» What the task requires: Everything from the line with "De fijne weving" to the end of the data below, both lines included, should be transcribed exactly; please omit the pictures.

» Data excerpts:
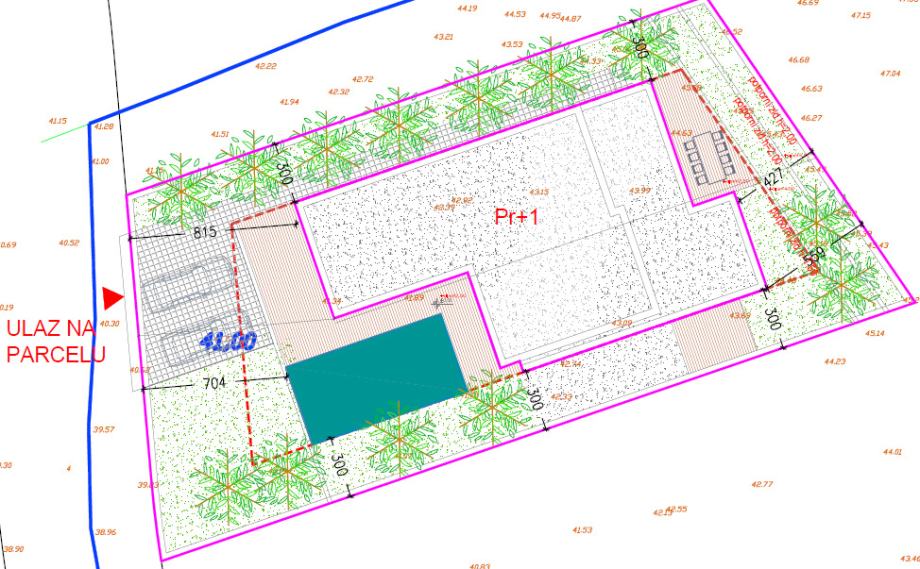 - Prizemlje (182,55 m2 bruto) – ulaz, spremište, wc, kuhinja i blagovaonica, prostrani dnevni boravak, spavaća soba s kupaonicom, vanjski wc, natkrivena terasa s ljetnom kuhinjom, velika terasa s bazenom, sunčalište i vrt.
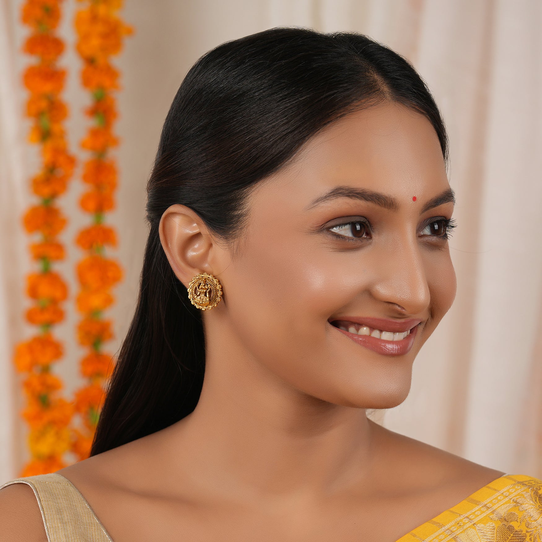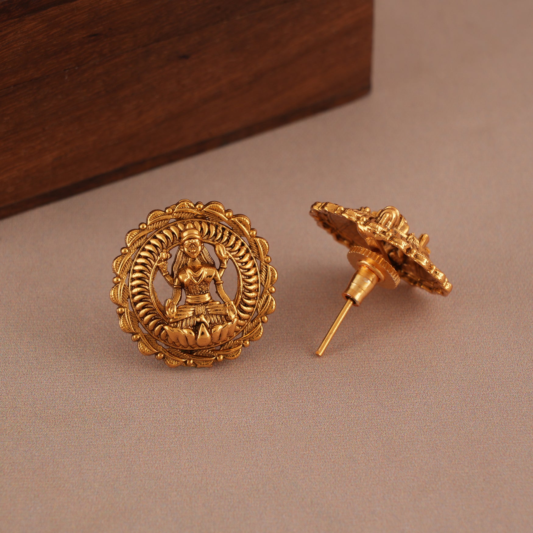Beautiful antique gold ma lakshmi stud earring I Temple Jewellery for women are show-stopping and come in traditional Indian design with gold plating and handwork.
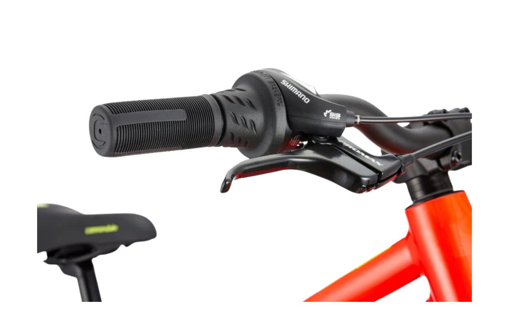 Le Cannondale Quick Sherpa avec son cadre en aluminium, une transmission Shimano 7 Vitesses, ses roues en 24″, et ses freins V-brake
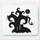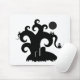 Silhueta de uma árvore branca com corujas de olhos grandes sobre os galhos acolchoados com um casal de pedras visíveis abaixo. Uma lua negra silenciada pode ser vista à distância.
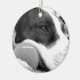 cute sad looking pitbull dog black white with ball ceramic ornament
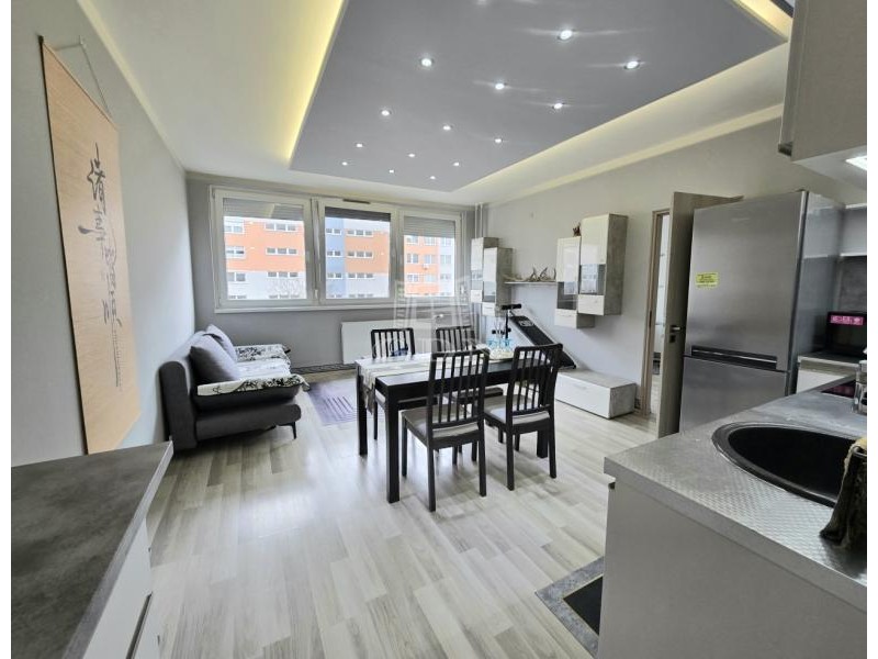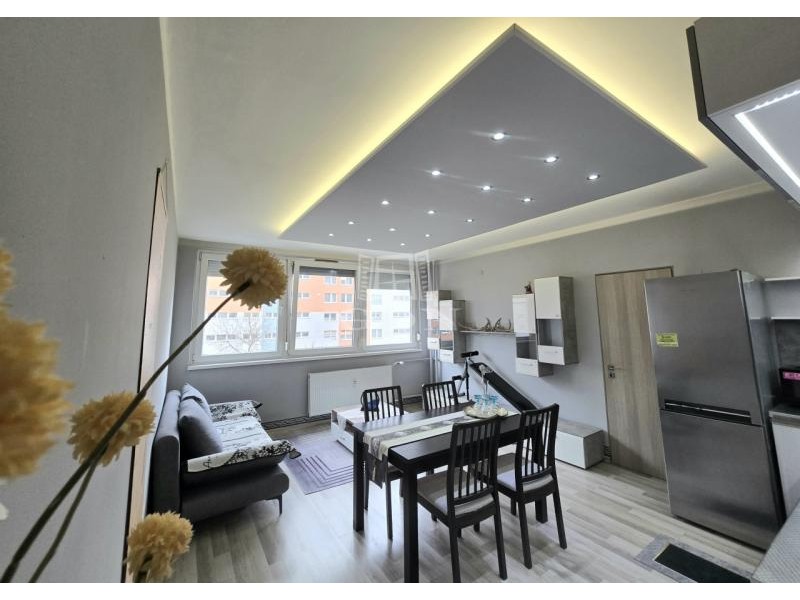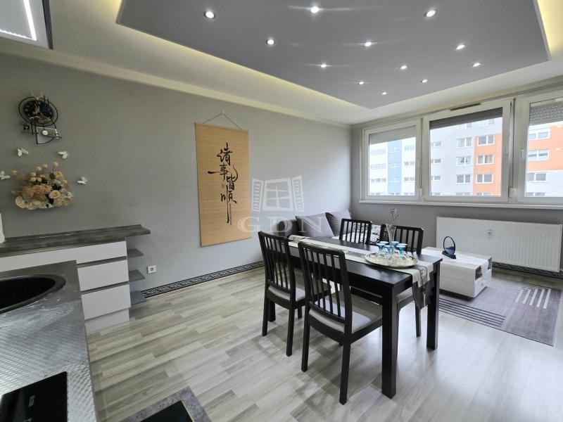 XIV. kerületben, a Füredi lakótelepen eladó egy 70 m2-es, beépített LOGGIÁS (2 m2), 3 szobás+…1 félszobás, CSENDES, VILÁGOS, FELÚJÍTOTT, panorámás lakás. Tulajdoni lapon 3 szobás, de a konyha bekerült a nappaliba és így egy fél szobával bővült a lakás.
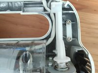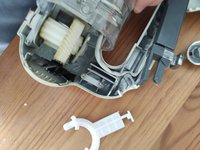 When you pull the motor body out of the casing, the white plastic mechanism here may fly loose, as it has springs under tension.
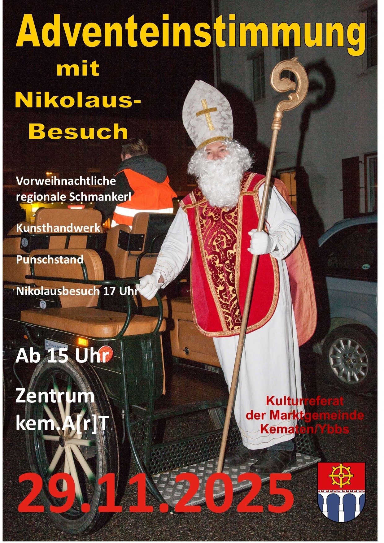 Die Marktgemeinde Kematen/Ybbs lädt herzlich ein zu einer Adventeinstimmung der besonderen Art: Vorweihnachtliche regionale Schmankerln, Kunsthandwerk, Ausschank uvm.
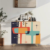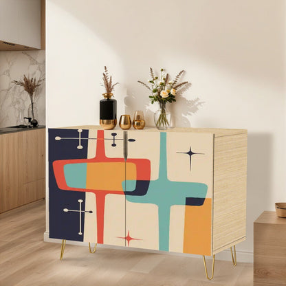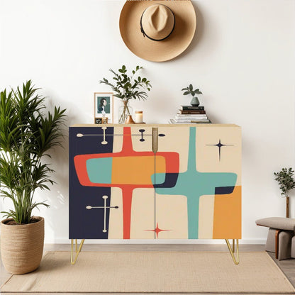 Step into the Atomic Age with this stunning mid-century modern credenza! Featuring a bold starburst and abstract atomic design in warm retro hues, this storage cabinet brings vintage charm with a functional twist. Crafted with sturdy wood and sleek gold hairpin legs, it’s built for both style and durability. Two spacious compartments with adjustable shelving provide versatile storage for your essentials. A timeless statement piece for living rooms, dining areas, or offices—perfect for lovers of 1950s decor.
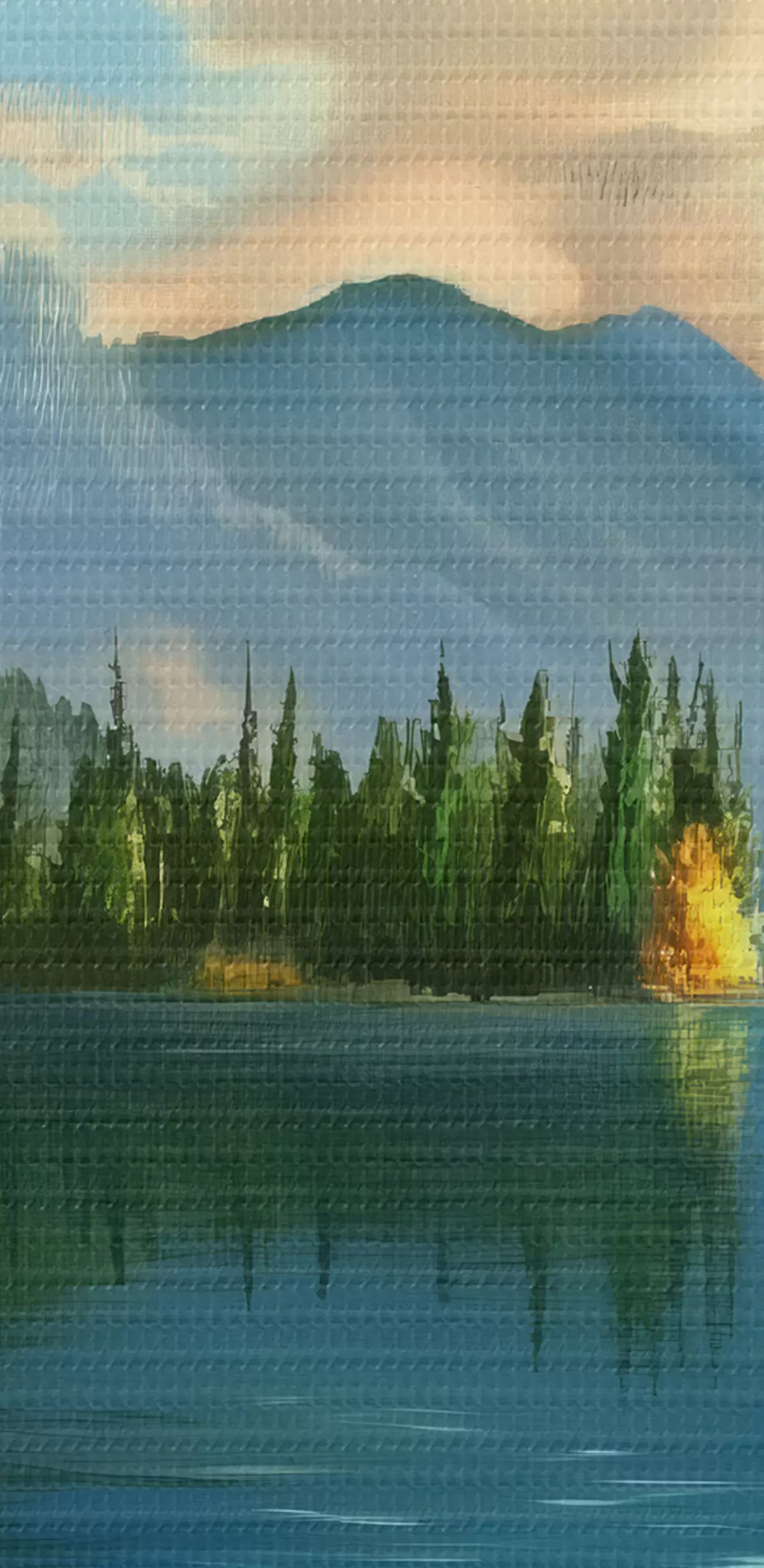 De fijne weving van draden op dit doek lijkt op het oppervlak van professionele schildersdoeken.
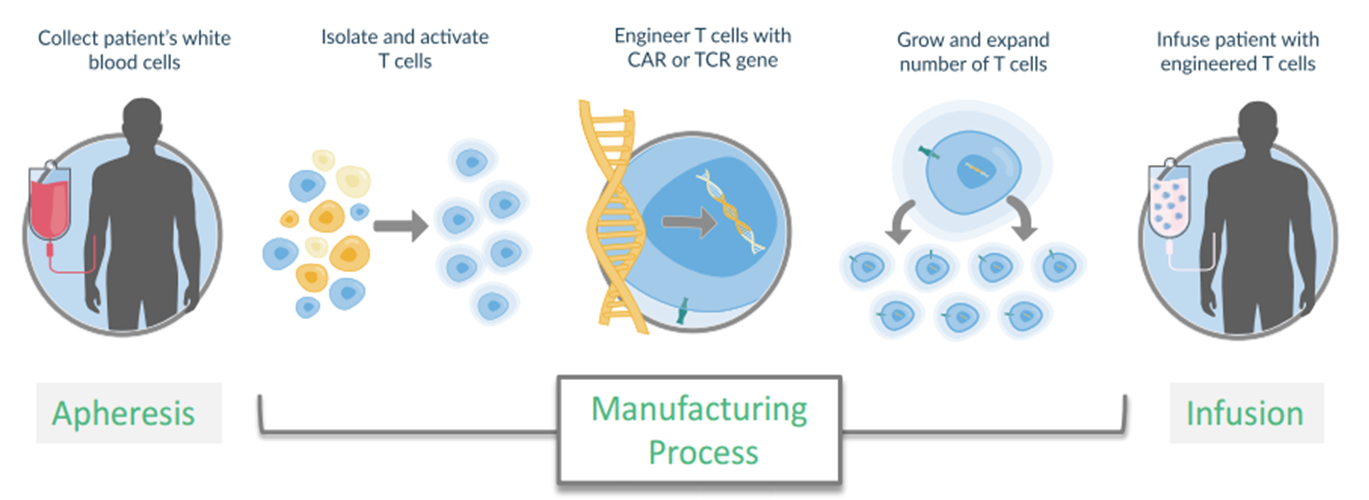 Although the biopharma industry is currently pursuing multiple lines of research, the next big step forward for cancer immunotherapy is widely expected to come from the area known as chimeric antigen receptor (CAR) transduced T cells. CAR Ts are made by extracting a patient's T cells from his or her blood and then using a viral vector to get the cells to express a receptor associated with a specific cancer antigen. These modified cells are then infused back into the patient, where they are then able to recognize and eliminate the cancerous cells of interest.
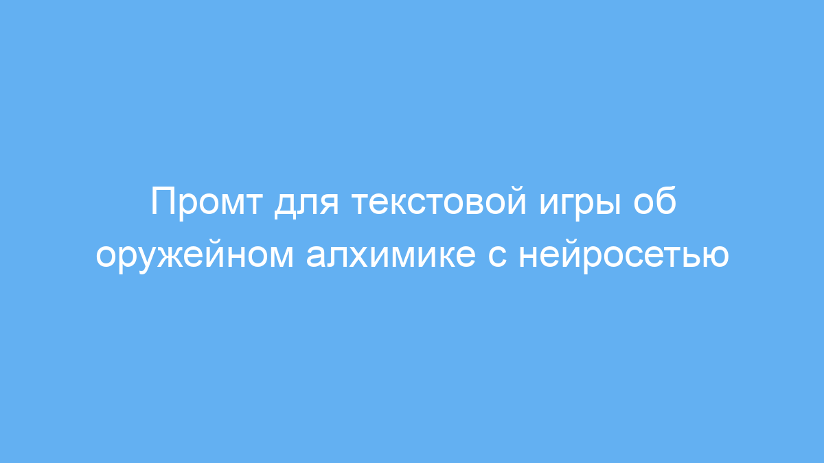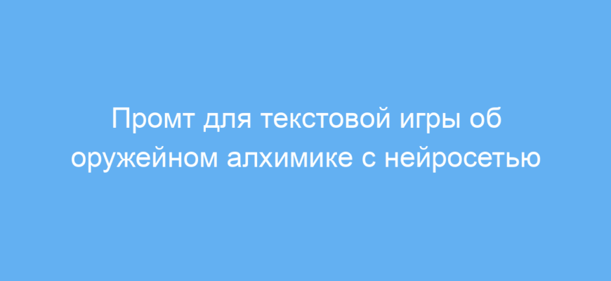 Этот промт предназначен для разработчиков и энтузиастов, которые хотят создать интерактивную текстовую игру с участием нейросети. В ней игрок играет роль оружейного алхимика, цель которого — создать самое дорогое оружие за ограниченный срок. Промт помогает моделировать игровой процесс с разными атрибутами, влияющими на результат, и управлять ходом игры на основе заданных правил.
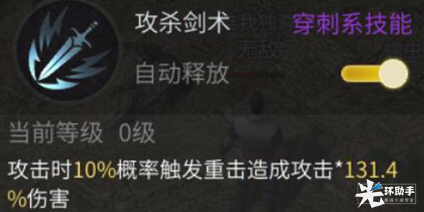 刺杀剑术:迅猛的下劈攻击,剑气覆盖前方两格的区域,对敌人造成伤害,对距离远的那一格伤害更高且无视法师职业的魔法护盾。如果能够灵活运用这一特点,就能对法师造成极大的威胁。
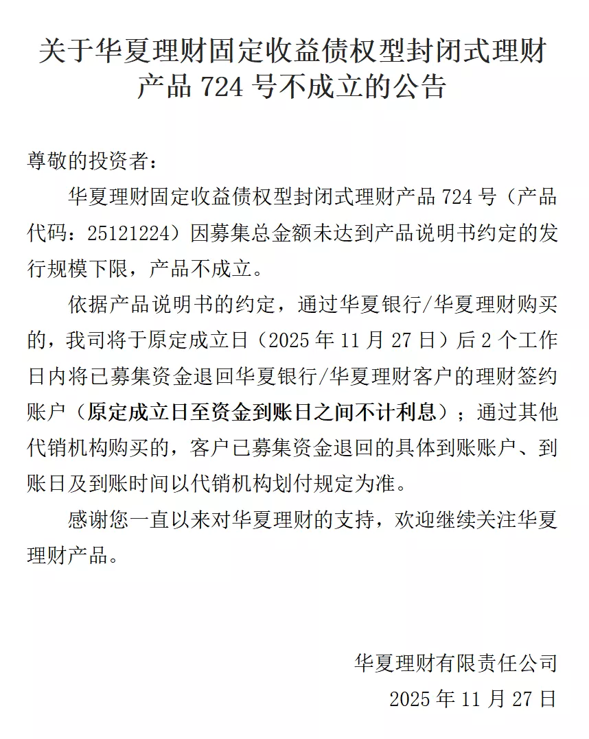 11月27日,华夏理财发布公告称,华夏理财固定收益债权型封闭式理财产品724号(产品代码:25121224)因募集总金额未达到产品说明书约定的发行规模下限,产品不成立。

» Exercise output:
 De fijne weving van draden op dit doek lijkt op het oppervlak van professionele schildersdoeken.
 Although the biopharma industry is currently pursuing multiple lines of research, the next big step forward for cancer immunotherapy is widely expected to come from the area known as chimeric antigen receptor (CAR) transduced T cells. CAR Ts are made by extracting a patient's T cells from his or her blood and then using a viral vector to get the cells to express a receptor associated with a specific cancer antigen. These modified cells are then infused back into the patient, where they are then able to recognize and eliminate the cancerous cells of interest.
 Этот промт предназначен для разработчиков и энтузиастов, которые хотят создать интерактивную текстовую игру с участием нейросети. В ней игрок играет роль оружейного алхимика, цель которого — создать самое дорогое оружие за ограниченный срок. Промт помогает моделировать игровой процесс с разными атрибутами, влияющими на результат, и управлять ходом игры на основе заданных правил.
 刺杀剑术:迅猛的下劈攻击,剑气覆盖前方两格的区域,对敌人造成伤害,对距离远的那一格伤害更高且无视法师职业的魔法护盾。如果能够灵活运用这一特点,就能对法师造成极大的威胁。
 11月27日,华夏理财发布公告称,华夏理财固定收益债权型封闭式理财产品724号(产品代码:25121224)因募集总金额未达到产品说明书约定的发行规模下限,产品不成立。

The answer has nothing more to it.